On Revision as Sculpting
Michelangelo said that the sculpture already exists inside the marble. The sculptor's job is to remove everything that is not the sculpture. I think about this every time I sit down to revise a poem.
The First Draft Is the Block
A first draft is raw material. It contains the poem, but it also contains everything that is not the poem — the throat-clearing, the false starts, the lines you wrote to get to the line you needed. This excess is not waste. It was necessary. You had to write through it to find the shape hidden inside.
The mistake most writers make is treating revision as correction. They look for errors — a weak adjective here, a broken rhythm there — and fix them. But this is like polishing the surface of the marble without ever picking up the chisel. The real work of revision is removal.
Subtractive Editing
Try this exercise: take a draft and cut it in half.
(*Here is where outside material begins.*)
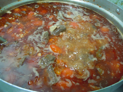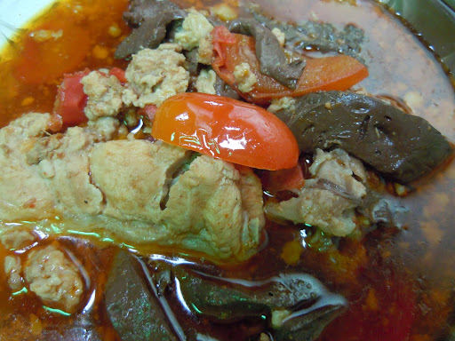 เห็นขนมจีนผัดของคุณป้อมแล้ว พี่เกิดแรงบันดาลใจที่จะทำขนมจีนน้ำเงี้ยว เผื่อขนมจีนเหลือจะได้เอาไปผัดเหมือนคุณป้อมค่ะ สำหรับเครื่องปรุงน้ำเงี้ยวก็จะมีน้ำพริกแกงเผ็ดปรุงสำเร็จแล้วก็ได้ค่ะสะดวกดี เต้าเจี้ยว หมูสับ(พี่จะสั่งให้เอาหมูสามชั้นบดกับหมูแดงค่ะ) กระดูกหมูจะเป็นกระดูกอ่อน หรือกระดูกซุปก็ได้นะคะ มะเขือเทศ ถ้ามีดอกงิ้วที่ตากแห้งแล้วจะนำมาแช่น้ำให้นุ่มด้วยก็จะดีนะคะ(ตอนนี้ที่บ้านหมดแล้วต้องรออีกสักพักจะได้ไปเก็บมาตากแดดกับไว้ค่ะ) เลือดหมูต้ม เครื่องปรุงรส นำพริกแกงมาผัดกับหมูสับ ผัดให้หอม ใส่เต้าเจี้ยว กระดูกหมู พอสุกเต็มน้ำพอสมควร เคี้ยวให้กระดูกหมูเริ่มเปื่อย เติมเลือดหมูต้มหั่น มะเขือเทศหั่น ชิมรสชาดตามชอบใจ ตั้งไฟอ่อนทิ้งไว้ เตรียมเครื่องเคียง ต้นหอมผักชีหั่น มะนาว พริกทอด แคบหมู ผัดสด อาทิ ยอดผักกระถิน ถั่วงอก กระปลีหั่นฝอย

Not by trimming a word here and there, but by removing entire stanzas, whole movements of thought. What survives?
Often, the poem that emerges from this violence is sharper and more surprising than the original. You discover that the third stanza was doing the work of the entire piece. The rest was scaffolding.
Elizabeth Bishop famously revised "One Art" through seventeen drafts. If you look at the progression, the poem doesn't get better in a linear way. It gets more itself. Each draft peels away a layer that isn't quite right until the final version feels inevitable — as if it could not have been written any other way.
When to Stop
A sculptor knows to stop when one more chip of marble would ruin the form. A poet must develop the same instinct. Over-revision is real. You can sand a poem down to nothing, lose the grain and texture that gave it life.
I stop when I read the poem aloud and my body doesn't flinch. Not when it's perfect — perfection is a myth that keeps people from finishing things. I stop when the poem feels like itself: rough in the right places, smooth where it needs to be, and alive in the hand.
The Courage to Remove
The hardest part of revision is cutting lines you love. You wrote something beautiful, but it doesn't belong to this poem. It belongs to another poem, or to no poem at all. You must let it go.
Keep a file of orphaned lines. Some will find homes later. Most won't. That's fine. The willingness to sacrifice good lines for the sake of the whole — that is what separates revision from mere tinkering.